Provided entries Block Start

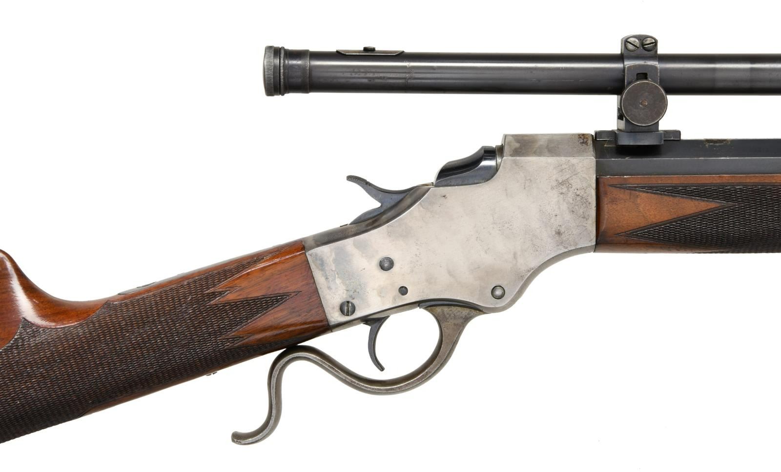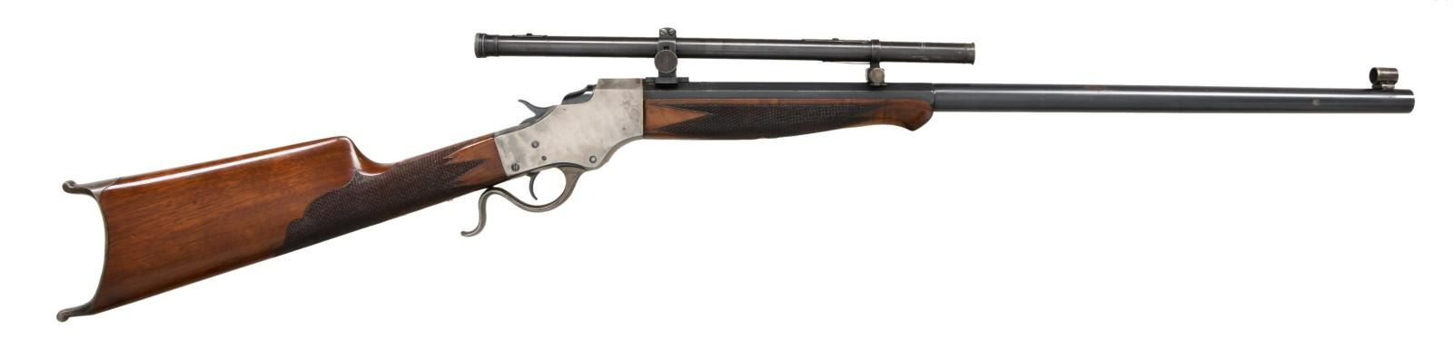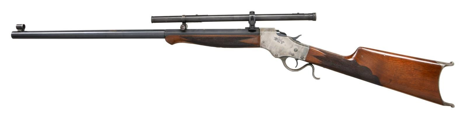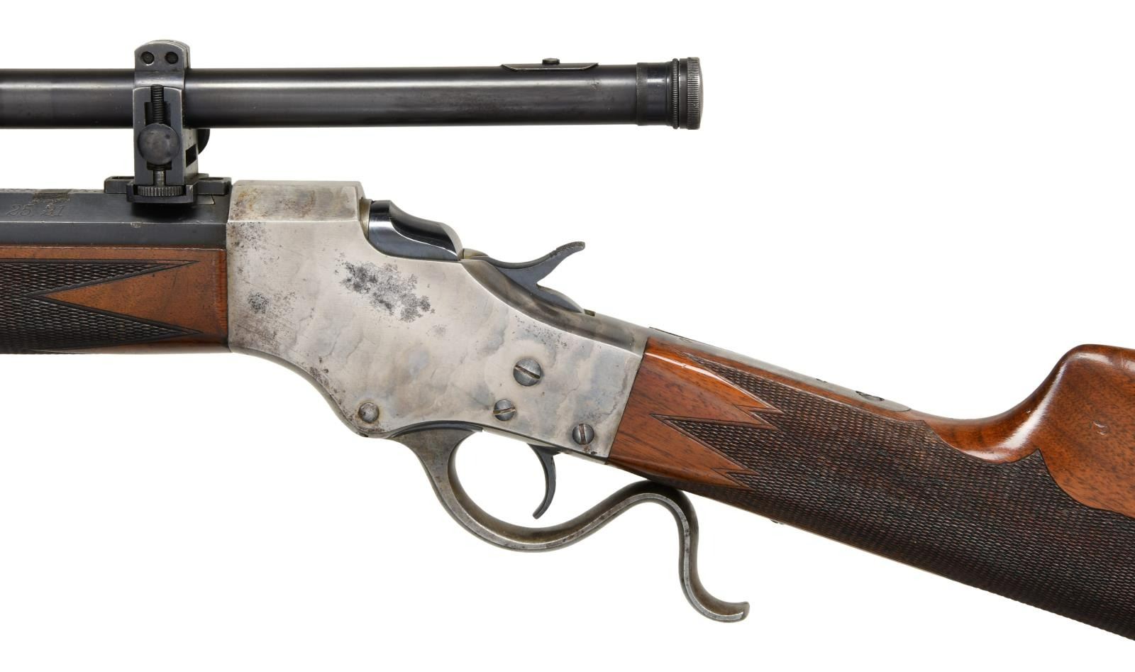 WITH SCOPE. Cal. 25-21. S# 2194. Bbl 24 1/8". No. 45 single shot target rifle chambered in 25-21 manufactured by Stevens A&T Co. Half octagonal barrel is stamped with Steven's 2 line address over the top flat, with the caliber designation on the left. Case colored frame and lever, with blued breechblock, hammer, and barrel. Beautifully checkered wood buttstock featuring a Swiss pattern buttplate, with a checkered wood forend. Barrel has been dovetailed and rewelded twice. Globe front sight. Barrel is mounted with a WM Malcom scope. Matching numbers are present on the frame and barrel. CONDITION: frame retains traces of its original case color hardened finish, having been cleaned and polished and exhibiting areas of mild pitting overall. Lever retains a gray patina. Barrel retains the majority of its blue finish, exhibiting scattered marks form handling and storage, and some small areas of wear and discoloration. Bright bore, exhibiting well defined rifling throughout. Wood furniture shows some scattered marks and minor impressions from storage and handling, but otherwise presents very nicely. Optic is slightly hazy. PROVENANCE STATEMENT: From the Harold Prucha Collection". (23-5016/MLW). CURIO. $2,000-2,500.
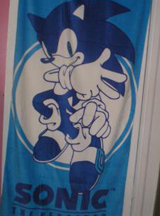 This is a large bath or beach towel. The whole thing is done in several different shades of blue, for an interesting look. The background is the 'spin' design that was used in SA1, however the Sonic art is more modern and dynamic than most from that time. The logo is the new-style one, and the design is nice and big making it a cool & fairly creative towel to collect. It measures 29.5 x 59 inches, so it is really large. It was made by GE Entertainment, and appeared in 2009/2010Fall/winter. You can get it online or at FYE stores in the USA, which appear in certain malls.
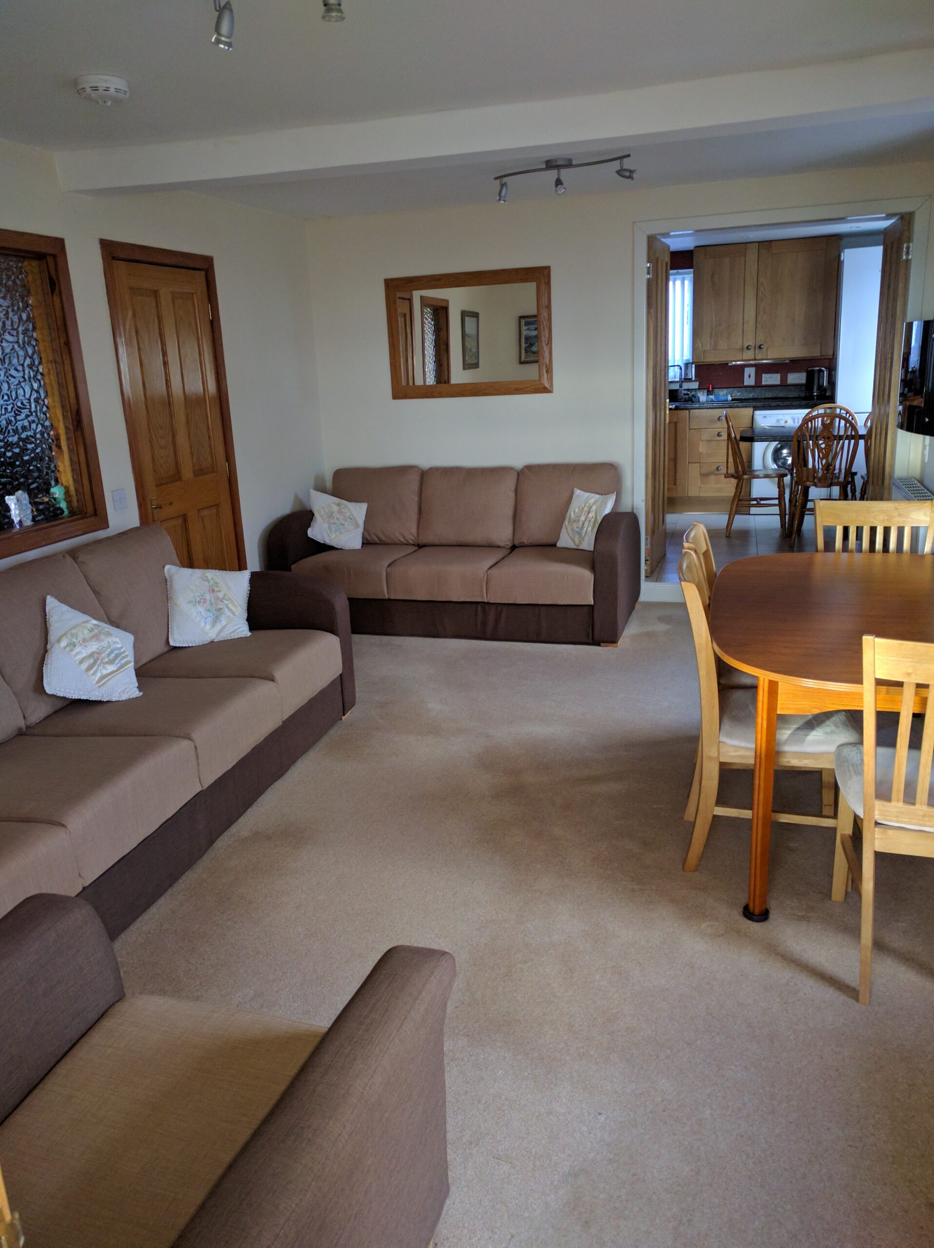 Duvets, pillows and bed linen are provided but towels are required. - 3 shower/bathrooms – 1 shower is the en suite off downstairs bedroom, 1 over bath shower downstairs, 1 large shower upstairs.
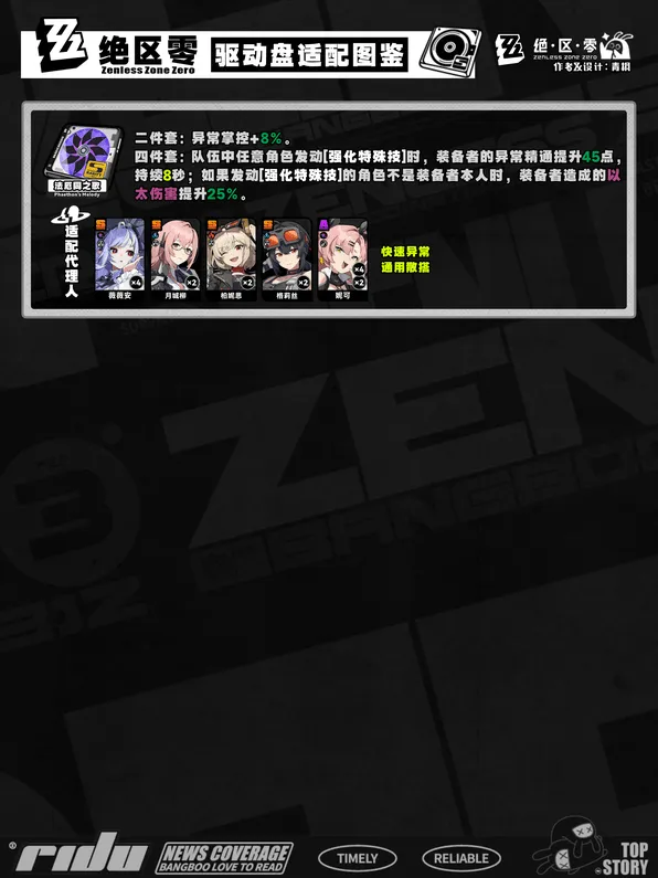 ·辅助型代理人则多以辅助定位来选择,例如:异常队中推荐搭配精通套装提升异常积蓄效率、提升buff覆盖率则以回能套装为主要搭配;
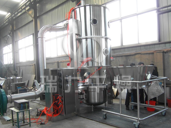 沸騰制粒機(jī)又稱(chēng)一步造粒機(jī),它是利用粘合劑的粘結(jié)作用,固體粉末間相互架橋、團(tuán)聚,從而逐漸形成顆粒。
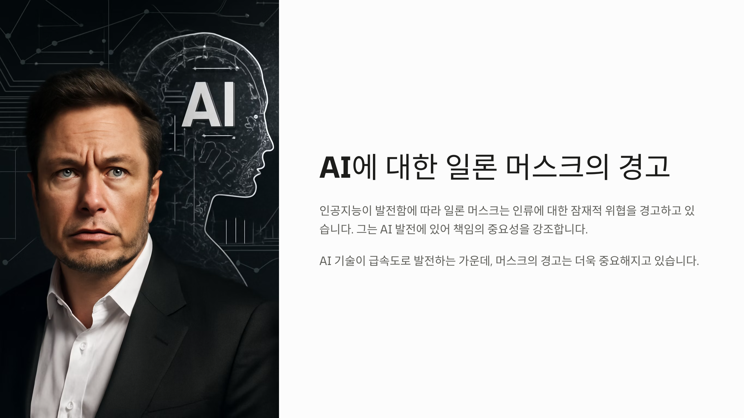 그래서 그는 기술 그 자체보다도, 인간의 탐욕과 무책임이 더 무섭다고 말한 거예요. AI는 결국 도구일 뿐이고, 그 도구를 어떻게 쓰느냐는 인간에게 달려 있으니까요. 머스크는 이 점을 가장 크게 경고하고 싶었던 거예요.

Provided entries Block End

The problem ->
Here the job is to print all the entries above exactly, minus the images.

Solution to this exercise ->
 WITH SCOPE. Cal. 25-21. S# 2194. Bbl 24 1/8". No. 45 single shot target rifle chambered in 25-21 manufactured by Stevens A&T Co. Half octagonal barrel is stamped with Steven's 2 line address over the top flat, with the caliber designation on the left. Case colored frame and lever, with blued breechblock, hammer, and barrel. Beautifully checkered wood buttstock featuring a Swiss pattern buttplate, with a checkered wood forend. Barrel has been dovetailed and rewelded twice. Globe front sight. Barrel is mounted with a WM Malcom scope. Matching numbers are present on the frame and barrel. CONDITION: frame retains traces of its original case color hardened finish, having been cleaned and polished and exhibiting areas of mild pitting overall. Lever retains a gray patina. Barrel retains the majority of its blue finish, exhibiting scattered marks form handling and storage, and some small areas of wear and discoloration. Bright bore, exhibiting well defined rifling throughout. Wood furniture shows some scattered marks and minor impressions from storage and handling, but otherwise presents very nicely. Optic is slightly hazy. PROVENANCE STATEMENT: From the Harold Prucha Collection". (23-5016/MLW). CURIO. $2,000-2,500.
 This is a large bath or beach towel. The whole thing is done in several different shades of blue, for an interesting look. The background is the 'spin' design that was used in SA1, however the Sonic art is more modern and dynamic than most from that time. The logo is the new-style one, and the design is nice and big making it a cool & fairly creative towel to collect. It measures 29.5 x 59 inches, so it is really large. It was made by GE Entertainment, and appeared in 2009/2010Fall/winter. You can get it online or at FYE stores in the USA, which appear in certain malls.
 Duvets, pillows and bed linen are provided but towels are required. - 3 shower/bathrooms – 1 shower is the en suite off downstairs bedroom, 1 over bath shower downstairs, 1 large shower upstairs.
 ·辅助型代理人则多以辅助定位来选择,例如:异常队中推荐搭配精通套装提升异常积蓄效率、提升buff覆盖率则以回能套装为主要搭配;
 沸騰制粒機(jī)又稱(chēng)一步造粒機(jī),它是利用粘合劑的粘結(jié)作用,固體粉末間相互架橋、團(tuán)聚,從而逐漸形成顆粒。
 그래서 그는 기술 그 자체보다도, 인간의 탐욕과 무책임이 더 무섭다고 말한 거예요. AI는 결국 도구일 뿐이고, 그 도구를 어떻게 쓰느냐는 인간에게 달려 있으니까요. 머스크는 이 점을 가장 크게 경고하고 싶었던 거예요.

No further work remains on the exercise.